■ THE PROBLEM ■
Exact copies of the lines below, from the one with "Интерьер небольшого двухэтажного" up to and including the one with "Cadena con charms", are what this calls for; leave out pictures.

■ RECORDS FOR THE EXERCISE ■
━━━━━━━━━━━━━━━━

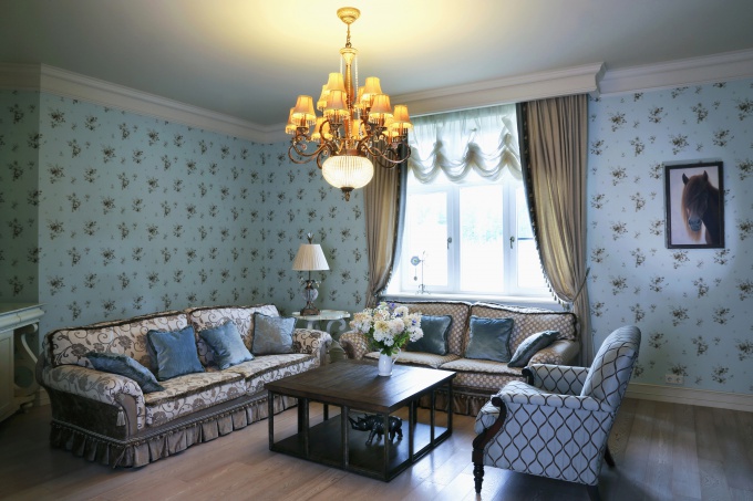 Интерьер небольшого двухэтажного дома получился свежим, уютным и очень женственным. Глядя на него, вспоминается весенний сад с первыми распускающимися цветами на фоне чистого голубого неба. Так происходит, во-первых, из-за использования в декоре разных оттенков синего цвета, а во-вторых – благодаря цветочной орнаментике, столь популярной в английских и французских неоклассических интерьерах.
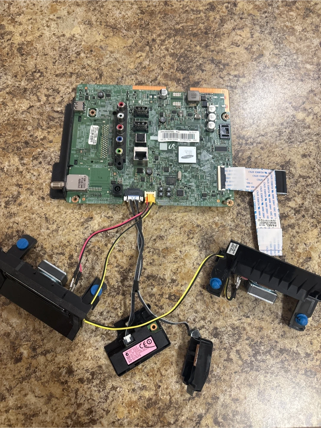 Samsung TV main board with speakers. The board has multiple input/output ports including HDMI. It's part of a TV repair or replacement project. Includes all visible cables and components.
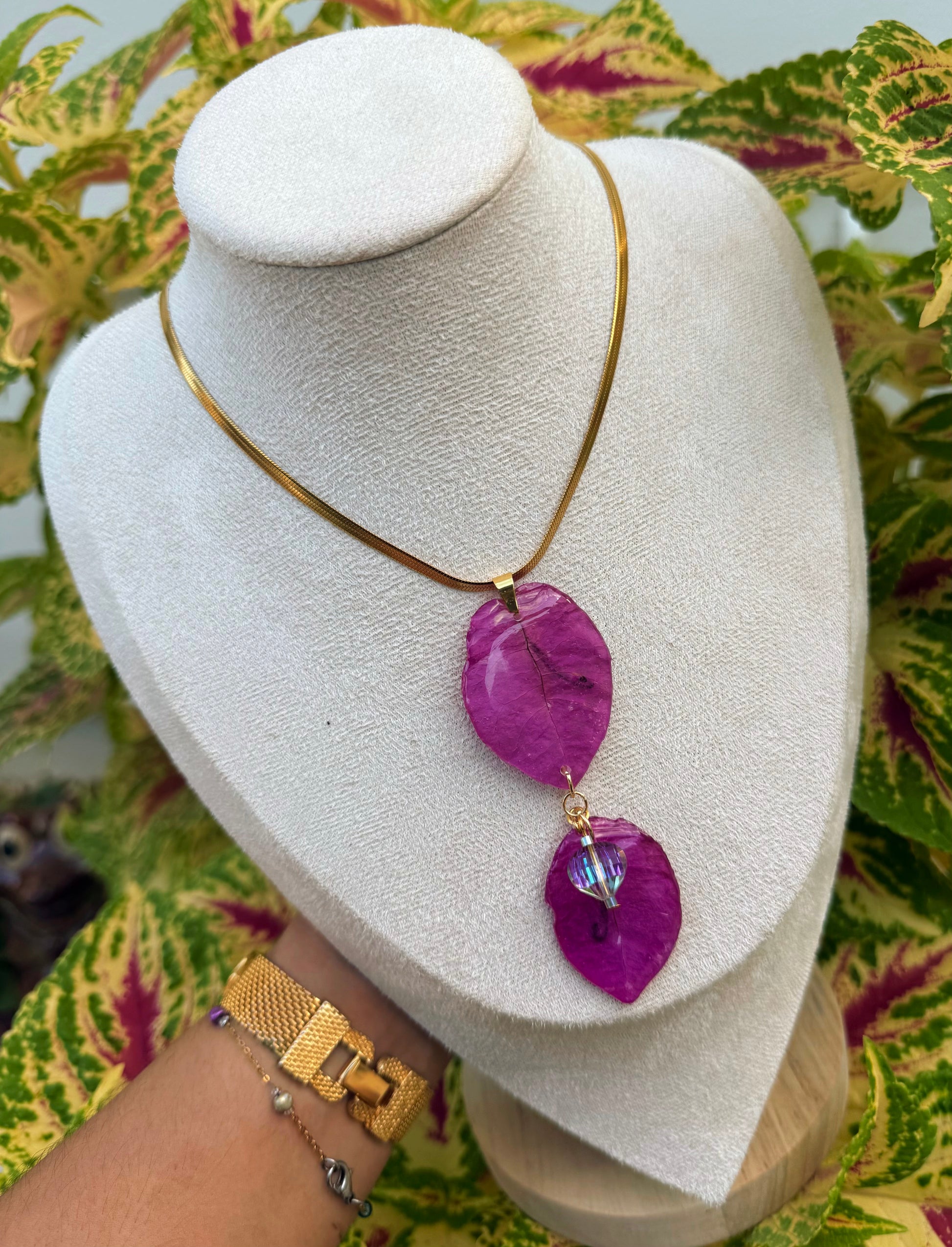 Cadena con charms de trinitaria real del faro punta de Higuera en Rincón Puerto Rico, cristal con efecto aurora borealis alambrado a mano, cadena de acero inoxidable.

━━━━━━━━━━━━━━━━

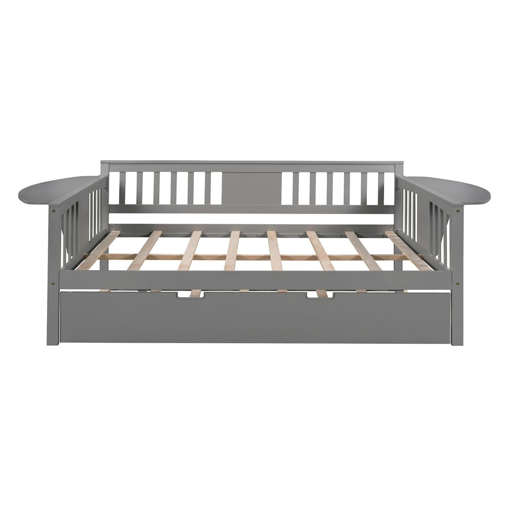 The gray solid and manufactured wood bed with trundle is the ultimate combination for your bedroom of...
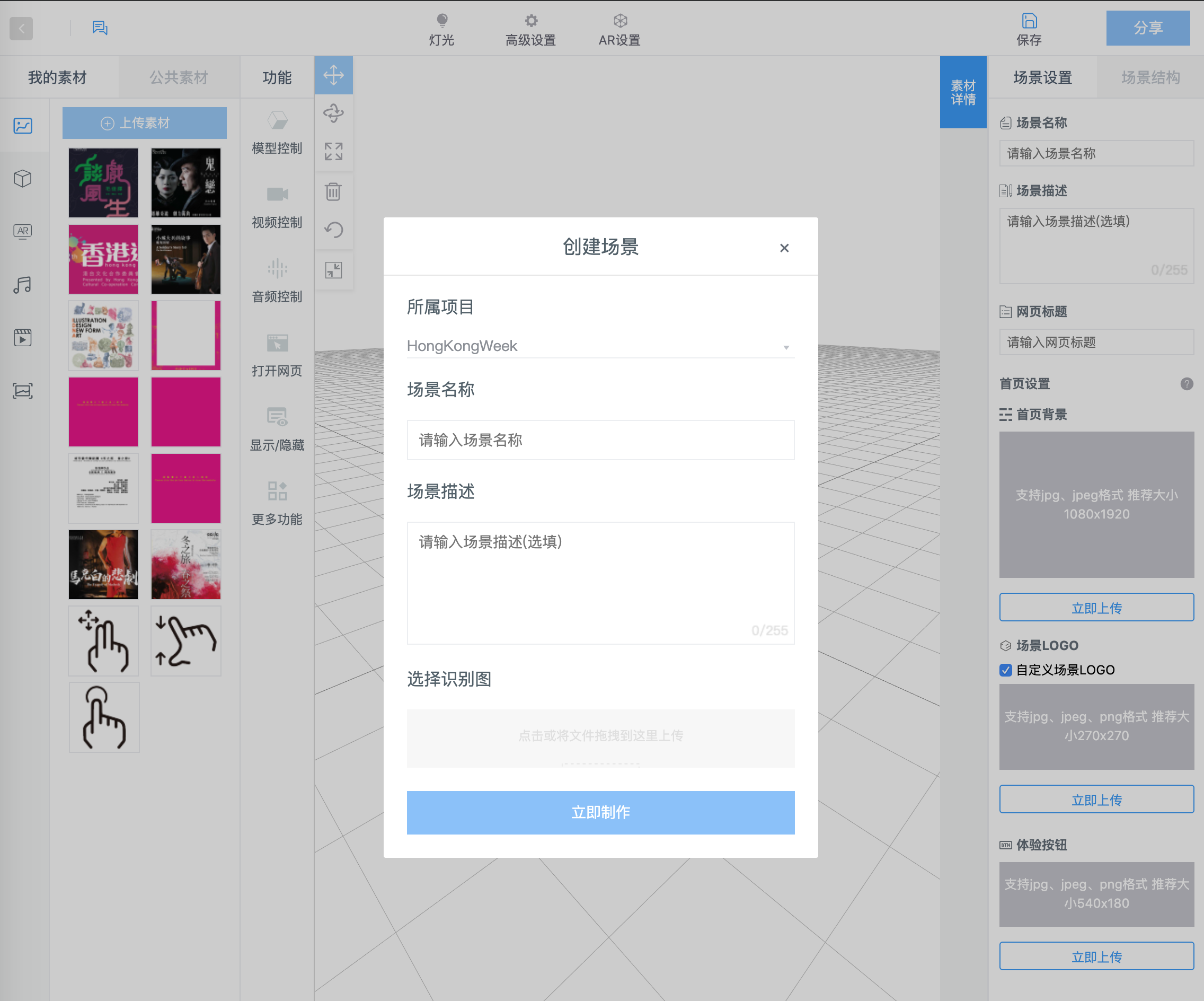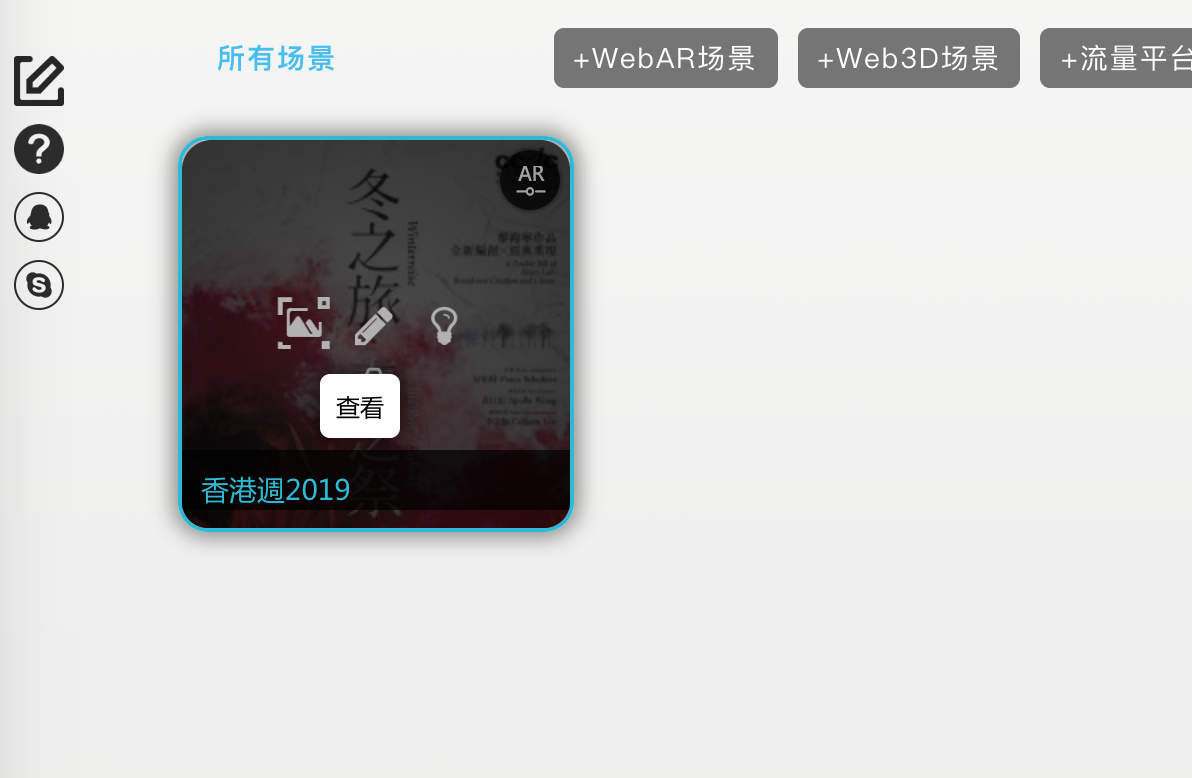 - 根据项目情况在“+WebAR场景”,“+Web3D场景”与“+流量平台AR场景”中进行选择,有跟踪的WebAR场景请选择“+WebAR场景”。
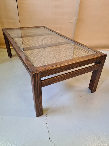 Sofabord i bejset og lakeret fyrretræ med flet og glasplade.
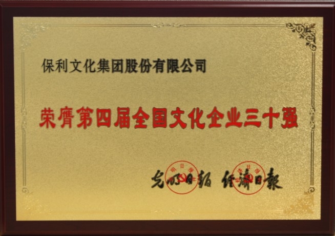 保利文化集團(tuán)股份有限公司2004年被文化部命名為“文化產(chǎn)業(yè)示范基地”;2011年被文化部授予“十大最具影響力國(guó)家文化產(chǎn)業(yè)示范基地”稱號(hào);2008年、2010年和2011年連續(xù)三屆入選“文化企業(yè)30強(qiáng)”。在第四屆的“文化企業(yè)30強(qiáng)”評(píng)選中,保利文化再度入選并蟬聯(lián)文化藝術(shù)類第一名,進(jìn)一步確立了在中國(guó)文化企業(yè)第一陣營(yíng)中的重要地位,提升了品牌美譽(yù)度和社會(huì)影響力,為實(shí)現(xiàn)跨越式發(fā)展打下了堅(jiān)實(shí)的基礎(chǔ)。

━━━━━━━━━━━━━━━━

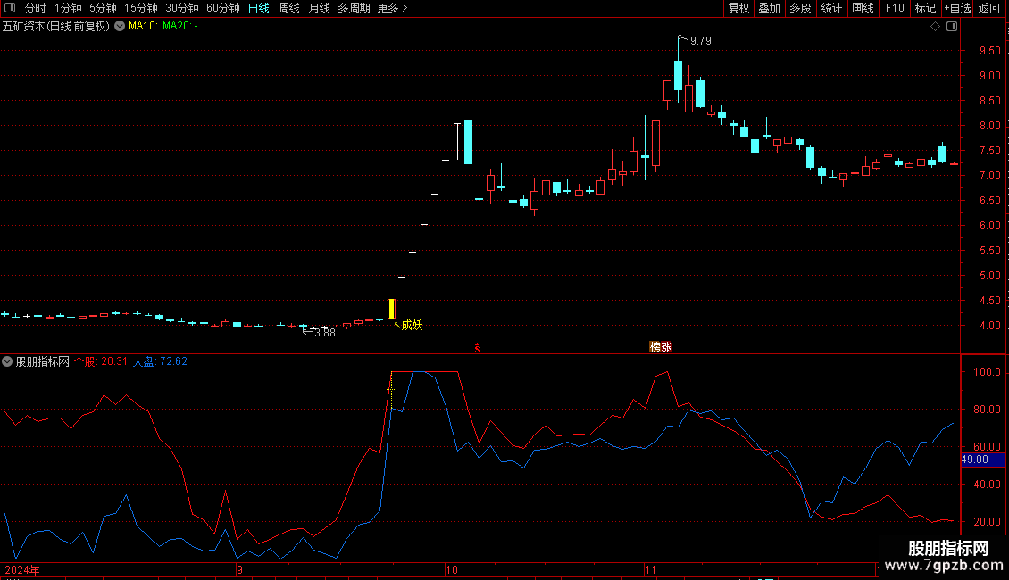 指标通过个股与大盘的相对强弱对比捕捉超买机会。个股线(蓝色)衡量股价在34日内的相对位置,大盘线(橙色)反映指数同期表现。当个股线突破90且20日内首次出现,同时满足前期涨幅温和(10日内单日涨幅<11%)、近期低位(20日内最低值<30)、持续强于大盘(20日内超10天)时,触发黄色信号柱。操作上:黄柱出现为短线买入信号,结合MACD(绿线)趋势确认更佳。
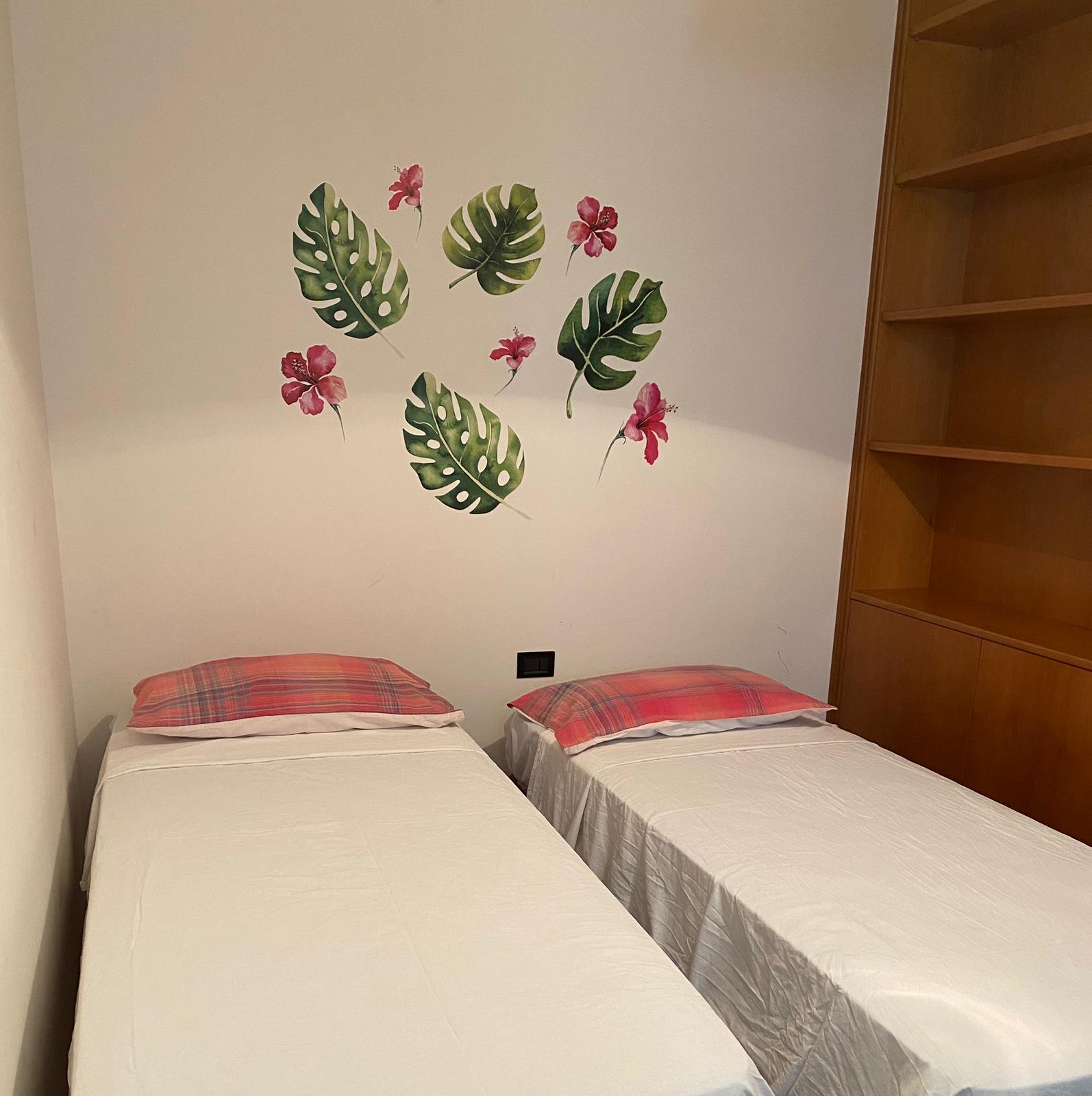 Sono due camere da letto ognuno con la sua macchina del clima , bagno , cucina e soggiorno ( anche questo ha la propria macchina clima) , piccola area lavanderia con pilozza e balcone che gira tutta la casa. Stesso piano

━━━━━━━━━━━━━━━━

■ TASK RESPONSE ■
 Интерьер небольшого двухэтажного дома получился свежим, уютным и очень женственным. Глядя на него, вспоминается весенний сад с первыми распускающимися цветами на фоне чистого голубого неба. Так происходит, во-первых, из-за использования в декоре разных оттенков синего цвета, а во-вторых – благодаря цветочной орнаментике, столь популярной в английских и французских неоклассических интерьерах.
 Samsung TV main board with speakers. The board has multiple input/output ports including HDMI. It's part of a TV repair or replacement project. Includes all visible cables and components.
 Cadena con charms de trinitaria real del faro punta de Higuera en Rincón Puerto Rico, cristal con efecto aurora borealis alambrado a mano, cadena de acero inoxidable.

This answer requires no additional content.